The company made the new version of Bing available for a small group of people who have been able to ask questions such as “Can you suggest places to visit in Paris?” or “What is the best apple pie recipe?” and then receive annotated replies explaining various tourist destinations or outline the ingredients and

But Microsoft may have made Bing a bit too flexible. A now-disabled prompt that triggered Bing to reveal its internal nickname, and some of the parameters its developers set for its behavior, were just some of the exploits users found with the system.

As for Edge, Microsoft plans on adding AI enhancements that let you summarize the webpage or document you’re reading online, as well as generate text for social media posts, emails, and more.

There will be more from Meta in the future. The company established a dedicated team that will eventually create “ai personas” designed to help people, as well as text- and image-based tools, according to CEOMarkZuck.

While Meta says it trained the bot on “over 48 million papers, textbooks, reference material, compounds, proteins and other sources of scientific knowledge,” the bot produced disappointing results when the company made it available in a public beta last November. The scientific community fiercely criticized the tool, with one scientist calling it “dangerous” due to its incorrect or biased responses. Meta took the chatbot offline after just a few days.

The e-retailer has found a new way to get involved with the trend of artificial intelligence. The company told CNBC that it is testing a rival internally. Alibaba has reportedly been experimenting with generative AI since 2017, but the company hasn’t provided any sense of when it could announce the tool it’s working on or what it might be capable of.

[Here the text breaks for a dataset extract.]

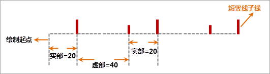”子线类型,称为短竖线类型的子线,如下图所示,如果设置虚实模式为:实部值为20,虚部值为40,设置完成后,短竖线类型的子线将按照如下模式进行绘制:

You.com, a company built by two former Salesforce employees, bills itself as the “search engine you control.” At first glance, it may seem like your typical search engine, but it comes with an AI-powered “chat” tool that works much like the one Microsoft’s piloting on Bing.

You.com has added built-in artificial intelligence image generators, including Stable Diffusion 1.5, Stable Diffusion 2.1, and Open Journey, to help you generate images based on a written description. The engine also breaks down your search results based on relevant responses on sites like Reddit, TripAdvisor, Wikipedia, and YouTube while also providing standard results from the web.

All of the other Chinese companies are likely to be subject to the same rules, as they too are developing an artificial intelligence (ai) chat bot.

There is a tool known as “Eros”, which is Enhanced Representation through kNowledge IntEgration, and it came out in 2019. In late 2021, Baidu said it trained the model on “massive unstructured data and a gigantic knowledge graph” and that it “excels at both natural language understanding (NLU) and generation (NLG).”

Meanwhile, Chinese gaming firm NetEase has announced that its education subsidiary, Youdao, is planning to incorporate AI-powered tools into some of its educational products, according to a report from CNBC. It seems the company is interested in employing the technology in one of its upcoming games as well, but it has not been clear what exactly this tool will do.

The director of research and insights at NetEase is reported to be considering bringing a tool to the mobile game Justice Online Mobile. As noted by Ahmad, the tool will “allow players to chat with NPCs and have them react in unique ways that impact the game” through text or voice inputs. However, there’s only one demo of the tool so far, so we don’t know how (or if) it will make its way into the final version of the game.

Then, there’s Replika, an AI chatbot that functions as a sort of “companion” that you can talk to via text-based chats and even video calls. The tool combines the company’s own version of the GPT-3 model and scripted dialogue content to build memories and generate responses tailored to your conversation style. The company that owned the tool recently decided against erotic roleplay.